Section 6 – Honorary Membership
The Board of Directors may confer Honorary Membership upon certain persons
or representatives of non-profit organizations whose goals or services are
similar to those of the Chamber. Individual Honorary Membership may be conferred
upon persons who have won distinction in public affairs. An Honorary Membership
shall accrue all the privileges of active membership except voting or holding
office. Honorary members shall not be assessed dues or other financial
assessment.
Article III – Meetings
Section 1 –Annual Meeting
The annual meeting of the General Membership shall be in the month of
October. The Board of Directors shall fix the time and place, and the notice
thereof given to each member at least ten (10) calendar days before said
meeting.
Section 2 – General Membership Meetings
The Chamber shall hold regular monthly General Membership meetings. The
Board of Directors shall fix the time and place, and the notice thereof given
to each member at least seven (7) calendar days
before said meeting.
Section 3 – Quorums
At any duly called General Membership meeting of the Chamber, twenty-five
(25) percent of the total membership shall constitute a quorum.
Section 4 – Special Called Meetings of the General Membership
Special meetings of the general membership, for any purpose or purposes, may
be called at any time by the President, a majority of the Board of Directors, or
ten (10%) percent of the members, upon written request delivered to the
Executive Director. Upon receipt of any such request, the Executive Director, in
consultation with the President, shall fix the time
of the meeting, which shall be held not less than ten (10) or more than thirty
(30) days thereafter. Written notice of any special meetings of members, stating
the place, date, hour, and general nature of the business to be transacted
thereat, shall be given to each member entitled to vote at least seven (7) days
prior to such meeting. Business transacted at all special meetings of the
general membership shall be confined to the business stated in the call.
Article IV- Board of Directors
Section 1 – Composition of the Board
The Board of Directors shall be composed of the President, the
Vice-President, the Secretary, the Treasurer, the Immediate Past-President, and
nine (9) members elected at large from the membership of the Chamber.
Hereinafter, "the Board" shall be construed as the Board of Directors.
Section 2 - Duties and Responsibilities of the Board
The Board directs the affairs, sets policy, controls the property, and is
responsible for the finances of the Chamber.
Section 3 - Terms of the At-Large Members of the Board
The term of office is three (3) years. The terms of office shall be
staggered, with three (3) seats being elected each year. A member of the Board
may succeed himself for a total of two (2) terms. If he should have filled an
unexpired term by appointment, he shall still be eligible for two (2) full
elective terms.
Section 4 - Meetings of the Board
The Board shall meet at least monthly.
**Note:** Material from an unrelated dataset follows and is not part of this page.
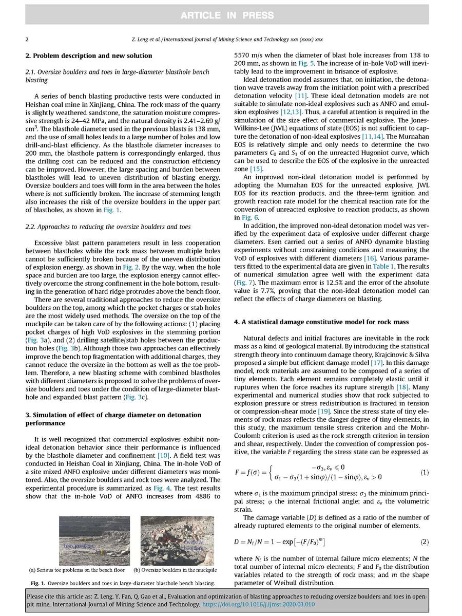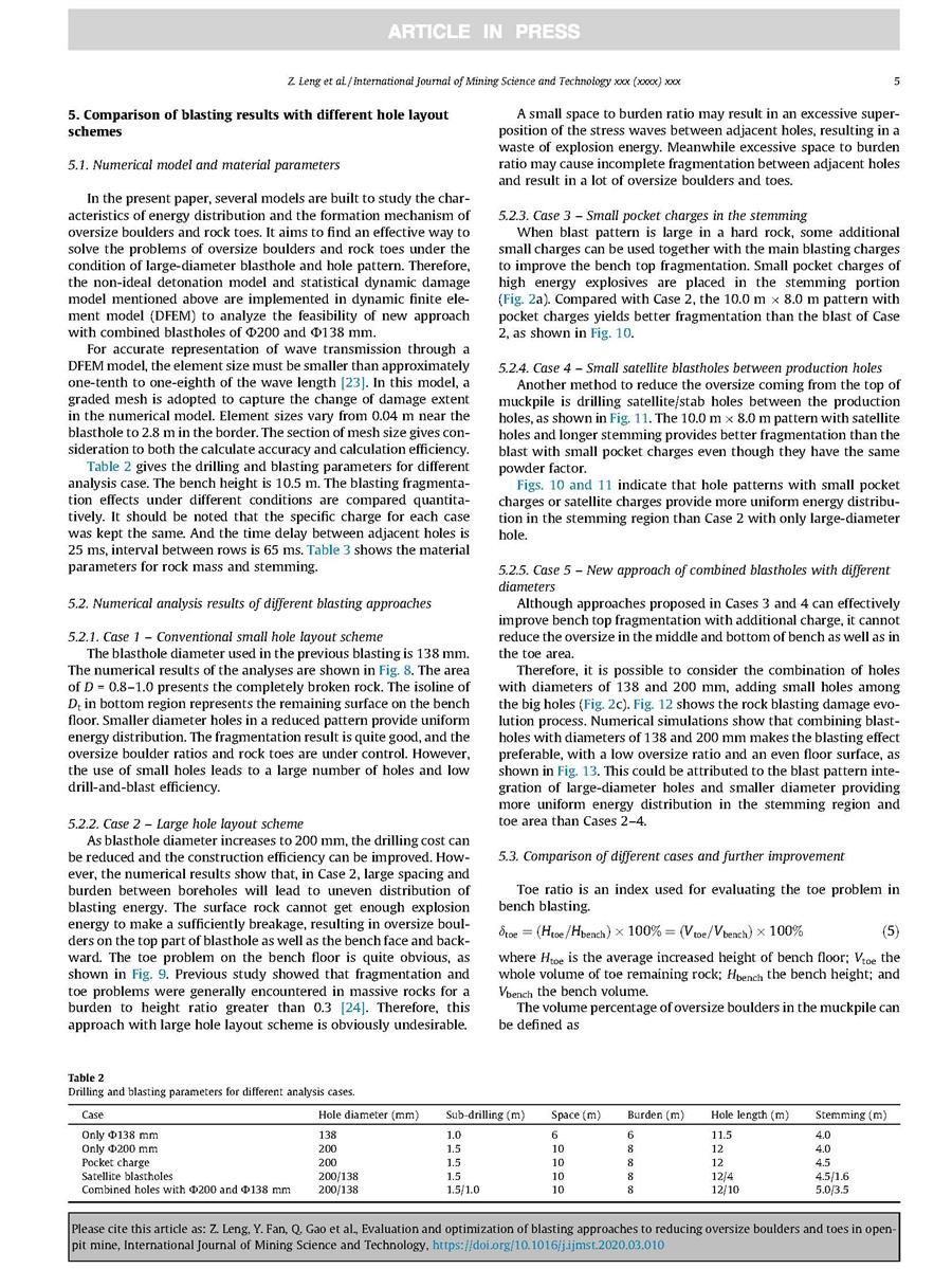 Evaluation and optimization of blasting approaches to reducing oversize boulders and toes in open-pi

A simple majority shall constitute a
quorum.
If there is no substantial business to be conducted, the President may
postpone the meeting until the following month, except that the Board meeting
may not be postponed two months in succession.
Special meetings of the Board may be called by the President, the
Vice-President in the absence of the President, or a majority of the Board
members. Notice shall be given to each Board member at least two (2) days prior
to the meeting. The purpose of any regular or special meeting of the Board need
not be specified in a notice of such meeting.
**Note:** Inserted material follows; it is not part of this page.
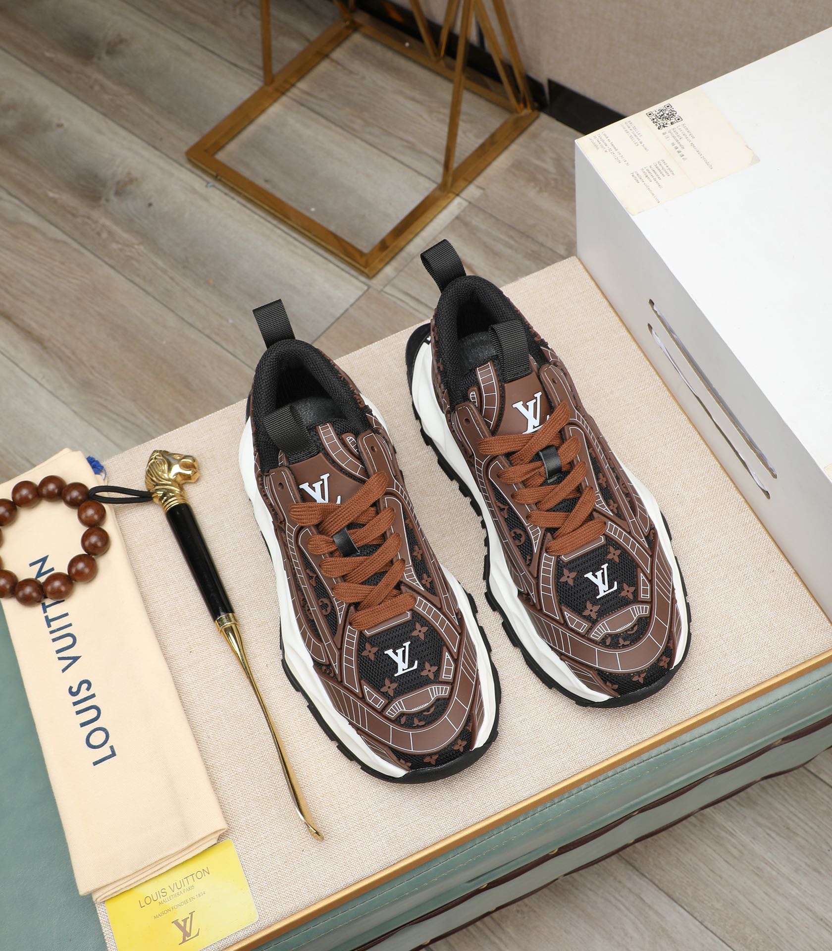 LV TRAINER IN CHOCOLATE BROWN CALFSKIN AND BREATHABLE MESH

Requirements for notice are waived in the case of an emergency meeting of the
Board. In such a case, every reasonable effort shall be made to notify all Board
members. The business conducted at an emergency meeting shall be limited to the
emergency for which the meeting is called.
Section 5 - Vacancies
A Director who is absent from three (3) consecutive regular meetings of the
Board shall be removed for cause, unless confined by illness or other absence
approved by a majority vote of the attending Board members. A vacancy shall be
filled by the Board itself by majority vote.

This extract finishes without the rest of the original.